I looked around out of habit, and once I felt no one was peeking in through the yellow curtains, I held the shard up so everyone could see it.

“Can't you...feel it?” I asked, tracing the shard's surface with my ring finger. Besides the vibration, I could feel something volcanic and yet malleable.

“Clanggadin's nethers!” Khelgar swore, “I've seen no ore like that before.”

“You want a closer look?” I tipped my hand in his direction, lighting up his bald head with the shard's pulsing brightness, “I don't think it'll kill you---”

The dwarf pulled his hands into fists, the way he would hold up his hands to defend his face in a fight, “Keep it away. I'll have nothin to do with metal that's been warped with witching.”

It had an opaline shimmer that was reflected in Cormick's dark eyes as he studied it.

“May I hold it?” Cormick asked.

“Me next,” said Neeshka.

“Oh no,” I said to Neeshka, “you are to forget that you every saw it because if it comes up 'misplaced,' I'm not asking questions, I'm coming after you.”

Neeshka swallowed, but her eyes lingered over every facet of the shard.

“Go ahead, Marshal,” I said.

Cormick held up the shard, which looked quite tiny in his hands, but I felt...incomplete. It was as if something in me yearned to be close to it. Ever since I took the shard into my bare hand back at the ruins, I felt a little less substantial when I had to hand it over to another. The magic user in me wondered if I was under some enchantment ... Though I responded to the shard, wanted to hold it against my skin, I did not like the idea of it---of anything--- having power over me. Part of what kept me on on this task was the hope that in Neverwinter I'd be rid of this odd bit of silver.

Would I return to West Harbor, then? I couldn't think of that place without thinking of Daeghun, and the watchful stare, the expectation that I would become something awful. I couldn't help but wonder why Daeghun entrusted the shard to me when he trusted so little to any hands other than his own. Was it a test? Gods knew he had done that often enough. All my life he had been poking and prodding, trying to determine my character, and bend it, like I had seen him treat a sapling that threatened to overwhelm the oak that gave it life.

“Amara,” Cormick out his hand on my shoulder, his face was filled with shard's light, “Ya alright?”

“It just seems very...small,” I said, nodding at the shard.

“Yeah. A small thing to invade a village over, but wars have been fought over lesser, stranger things,” Cormick cradled the shard as if it was a blastglobe that would explode at any moment. He seemed eager to lower it back into my hands, sighing enough to lift his wide shoulders as I tucked the shard back into its hiding place.

“What do ya feel when you hold it?” he asked.

His question surprised me. It wasn't a question I expected of a man as big and Cormick was.
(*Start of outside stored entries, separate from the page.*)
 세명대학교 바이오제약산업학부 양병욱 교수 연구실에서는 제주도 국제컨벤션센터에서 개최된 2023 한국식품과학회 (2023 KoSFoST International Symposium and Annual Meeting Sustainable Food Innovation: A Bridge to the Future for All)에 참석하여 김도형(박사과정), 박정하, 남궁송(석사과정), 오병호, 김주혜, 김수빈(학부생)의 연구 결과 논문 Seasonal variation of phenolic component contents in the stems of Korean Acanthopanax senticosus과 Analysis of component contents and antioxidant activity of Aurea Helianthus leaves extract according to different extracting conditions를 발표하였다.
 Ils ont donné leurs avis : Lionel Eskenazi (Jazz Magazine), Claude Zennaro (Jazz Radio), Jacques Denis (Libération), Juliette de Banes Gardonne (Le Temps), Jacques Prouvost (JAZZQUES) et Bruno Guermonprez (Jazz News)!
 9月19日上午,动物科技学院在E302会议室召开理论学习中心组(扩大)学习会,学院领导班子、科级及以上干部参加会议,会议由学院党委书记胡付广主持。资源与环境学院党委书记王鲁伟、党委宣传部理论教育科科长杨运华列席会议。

Someone like him never had to step into someone else's boots, if he didn't care to.

I met his dark eyes with my green ones, “In one word ...Power. That's why I've got to get to Neverwinter. It's only a matter of time before someone will take it. And use it.”

“What does it do?” Cormick asked.

I shrugged, “It certainly doesn't change half-demons into pretty girls,” I grinned. “But I think it feels...like a part rather than a whole, if that makes any sense...”
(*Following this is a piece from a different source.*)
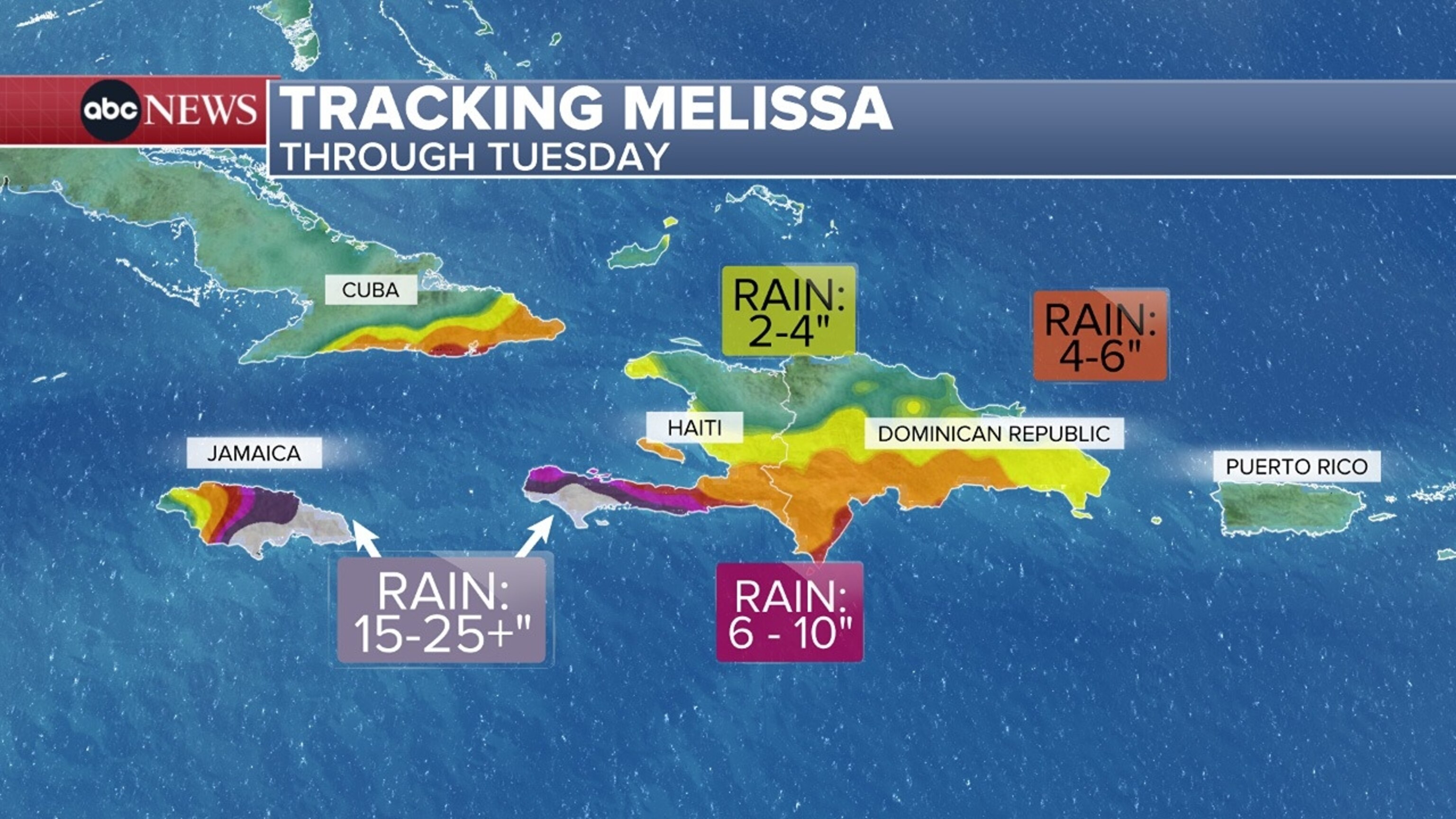Between 15 to 25 inches of rain are expected across portions of southwestern Haiti and eastern Jamaica through Monday, with locally higher amounts possible up to 35 inches.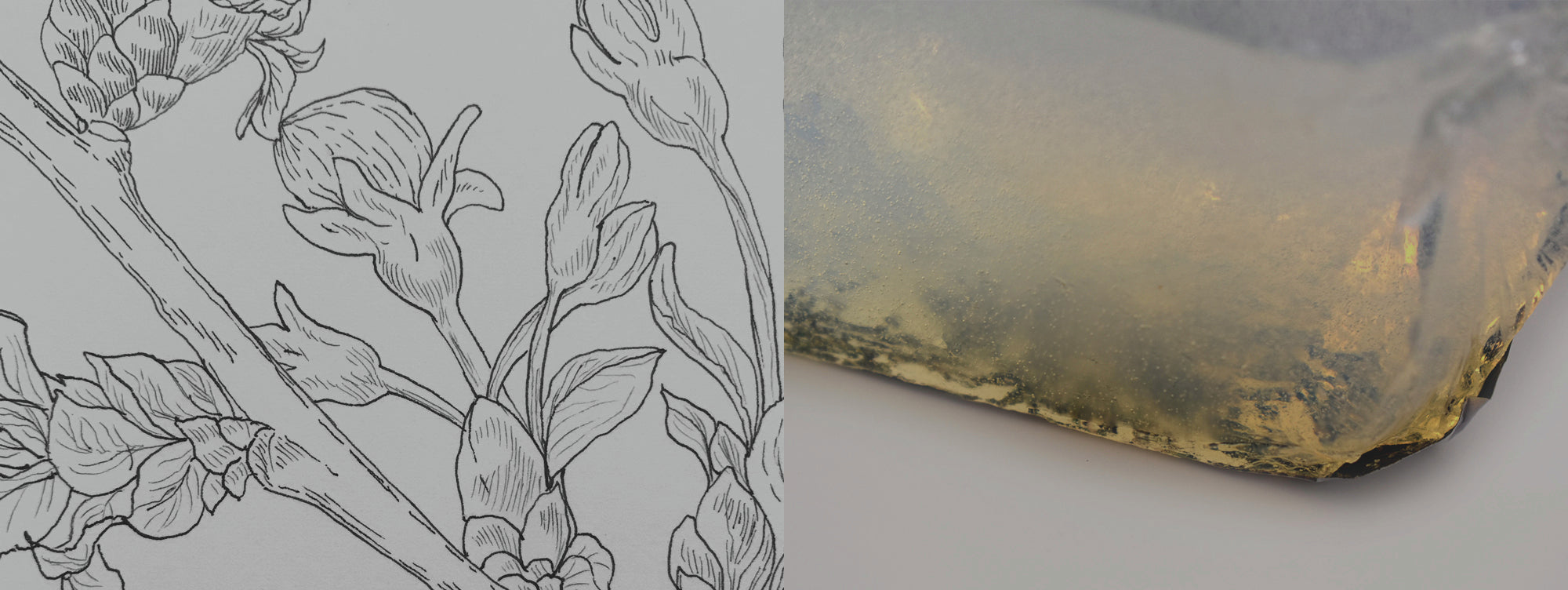 Por un lado, Bengoechea nos deleita con atractivas imágenes de flores de árboles frutales que rápidamente se verán perturbadas con la luz ultravioleta, desvelando cráneos realizados con pintura fotoluminiscente y adentrándonos en lecturas vinculadas a la vulnerabilidad de la vida o la (in)fertilidad de la naturaleza. Por otro, Pea presenta toda una amalgama de fotografías que la propia artista ejecutó en barrancos y zonas rurales de Tenerife donde sigue creciendo de manera salvaje y descontrolada la caña de azúcar, una de las especies invasoras en Canarias. Pea encapsula las instantáneas en cristal de caramelo, estableciendo un diálogo entre los conceptos de fragilidad, perdurabilidad e incerteza.

“You're right. It hasn't changed a half-demon into a pretty girl...It's change a pretty girl into a fine woman.”

“You don't have to flatter me, Cormick. I know my own reflection well enough. If anything fair ever came from the Mere, it's you, and you know it.”
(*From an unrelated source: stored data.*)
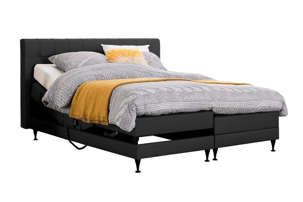 Boxspring Helsingborg Verstelbaar Met Pocketveer Matras Nordland. Ervaar het echte Scandanavische slaapcomfort met de Helsingborg verstelbaar met pocketveermatras. Deze moderne boxspring combinatie uit de Nordland collectie bestaat uit twee elektrisch verstelbare pocket boxsprings, pocketveer matrassen en heeft een Helsingborg hoofdbord. Bij de uitvoering van 140 cm breed zit een 2-persoons matras. De uitvoeringen van 160 cm en breder hebben twee 1-persoons matrassen. Deze boxspring combinatie is uitgevoerd met zwarte Conico poten.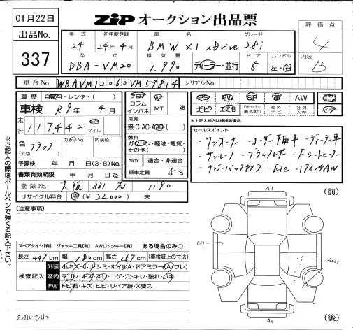 BMW X1 с аукциона Японии ZIP Osaka лот № 337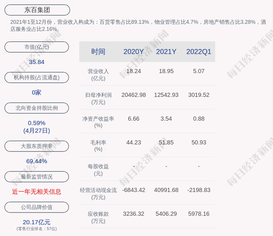 每经AI快讯,东百集团(SH 600693,收盘价:3.99元)4月28日晚间发布一季度业绩公告称,2022年第一季度营收约5.07亿元;归属于上市公司股东的净利润约3020万元;基本每股收益0.0347元。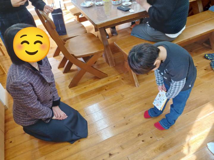 お年玉をもらった際、「ありがとう」の言葉だけでなく、深々と頭を下げてお礼を言う幼児さんもおり、職員だけでなく中高生も、ほっこりとする場面もありました。

He laughed, “Now who's the flatterer? Come on Amara, yer mother was supposed to be the most beautiful woman who ever lived.”

“...And I don't look anything like her. It's alright, Marshal, I never wanted beauty---”

“Ya didn't want the shard either, but ya have both. The question is : what will ya do with them?”

“You're starting to sound like Daeghun. I plan on doing my best, Marshal, as we all are...So, where are the patrols? Something's going on here in the Mere...or else Neverwinter wouldn't have sent you.”

“I heard lots of rumbling,” Khelgar spoke between sips of sop, “but most of it just seemed to be tales.”

“Most of it is hearsay,” Cormick agreed, “but there are too many things happening. Well, ya've seen what's been happening in the Mere. To folk who know it, ya can almost smell it, like a decay lying over living things, choking them off from the earth, the air, even the water, which is the lifeblood here... But Neverwinter can't investigate the Mere because our forces are spread too thin. The orcs are making a grand stand at Old Owl Well—we've barely been able to hold out, and Callum, the commander there, won't hold out long if he doesn't get aid. Lizardmen are stirring up mischief further north, harassing farmers and other folk. Neverwinter itself is overrun by thugs and gangs. There's more trouble there than the Watch can handle. The Luskans may be smiling at us now, but they will piss on the treaty the first chance they get. And if that happens soon, we won't be able to stop them.”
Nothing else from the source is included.